Keywords: Feature selection, Classification, Accumulation, Expression profiles, Differential expression analysis

Background

Differential expression analysis (DEA) is widely adopted to identify a feature for best characterizing the expression difference between groups of individuals (e.g., healthy ones and those affected with a disease) [1]. Multiple hypothesis testing, which evaluates more than one hypothesis simultaneously, plays an important role in DEA. Corresponding tools such as SAM [2], limma [3], multtest [4], etc. have been produced for detecting differentially expressed variables. As a matter of fact, multiple hypothesis testing may leave out an explanatory signature. A selected feature expressed differently may not be composed of individually significant variables [5]. Although multivariate hypothesis testing may choose a proper feature, it still holds a non-mainstream position [6], considering the need for a large computation overhead of large-scale matrix operation.

Unlike statistical hypothesis testing, classification-based feature selection concentrates on better classification results of a certain subspace in many aspects such as sequence analysis [7, 8], site identification [9–12], protein classification [13, 14], protein identification [15, 16], protein fold recognition [17–19], protease substrate prediction [20, 21] and protein backbone torsion angle prediction [22]. Thus, predictive variables [23–25] are selected according to classification results of a certain classifier. Random forest [26, 27] is a case in point. It utilizes decision trees as the base classifier, which may be unsuitable for different distributions of samples. We have developed JCD-DEA [28], which is a feature selection tool combining hypothesis testing with classification strategy. However, JCD-DEA employs a bottom-up feature enumeration strategy, which is time consuming.

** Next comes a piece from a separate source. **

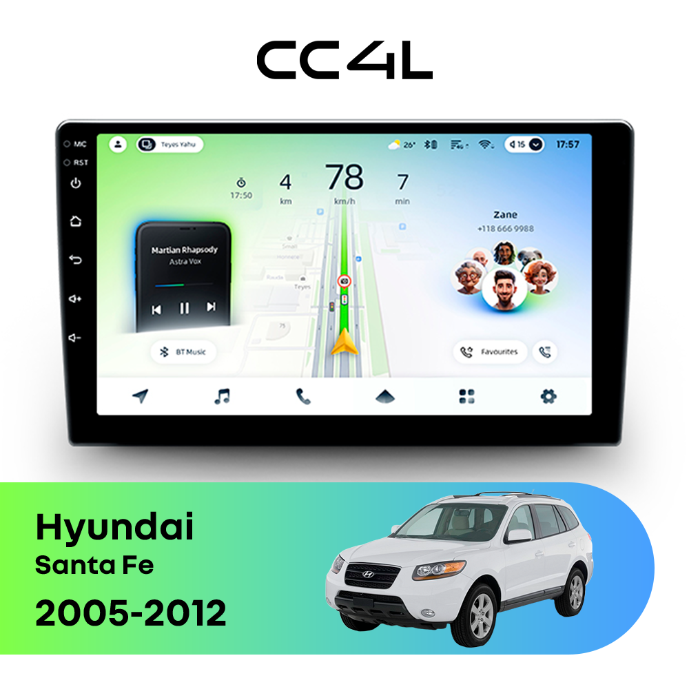 Teyes CC4L для Hyundai Santa Fe II (2005-2010),II рестайлинг (2010-2012) — это современная штатная магнитола Android, созданная для тех, кто хочет получить максимум полезных функций за разумные деньги. Если вам нужна автомагнитола для Hyundai Santa Fe с большим экраном, удобной навигацией, поддержкой приложений и приятным интерфейсом, эта модель станет отличным выбором для ежедневной эксплуатации.
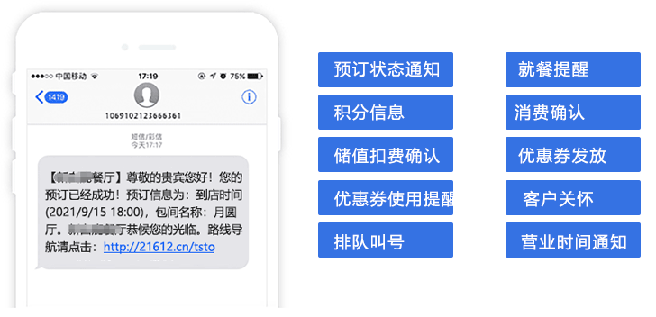 免費體驗預(yù)訂短信功能 餐廳預(yù)訂短信發(fā)送方案詳情 查看短信產(chǎn)品報價

In this paper, we develop a top-down classification-based feature selection tool, i.e. ECFS-DEA, for differential expression analysis. In addition to random forest (RF), one of the other three classifiers, i.e., Fisher’s linear discriminant analysis (LDA), k-nearest-neighbor (kNN) and support vector machine (SVM), can be interactively selected to be the base classifier in accordance with different sample distributions. Under the development environment of Python 3.5, ECFS-DEA applicable to various execution environments such as a personal computer, a workstation or a large-scale cluster in Windows, Linux or Mac, can be used to identify the feature which best distinguishes between different categories of samples on expression profiles such as RNA-seq data, microarrays, etc.

Method

ECFS-DEA offers two main functions, i.e. feature selection and feature validation. Feature selection part contains five steps, as illustrated in Fig. 1. Firstly, the category of the base classifier is to be interactively appointed. RF, LDA, kNN and SVM are the alternative base classifier. The base classifier number r is also to be set. Meanwhile, the path of the input file, the data format and the execution environment are to be selected. Secondly, samples are randomly divided into training and testing groups in balance. Thirdly, a resampling procedure is constructed for the accumulation of variable importance. The resampling round is equivalent to the number of the base classifiers. In each round j, 70% of training samples are randomly selected in the entire feature space for training each classifier; while, the remaining 30% of training samples are the out-of-bag data for calculating the classification error rate Err_j. As to each variable i, only one time permutation of its expression levels on the out-of-bag data is made, and the corresponding classification error rate is presented as $Er r_{j}^{0} (i)$ . After r rounds of resampling, the importance of variable i is achieved as $\sum_{j = 1}^{n} (Er r_{j}^{0} (i) - Er r_{j}) / r$ . Fourthly, a feature can be manually selected in a table with the individual variables sorted in descending order according to achieved variable importance or in a 2-D scatter plot with its horizontal and vertical coordinates corresponding to the variable indices and the accumulated importance, respectively. Fifthly, an ensemble classifier composed of r same base classifiers is to be trained using the expression levels of the training samples on the selected feature.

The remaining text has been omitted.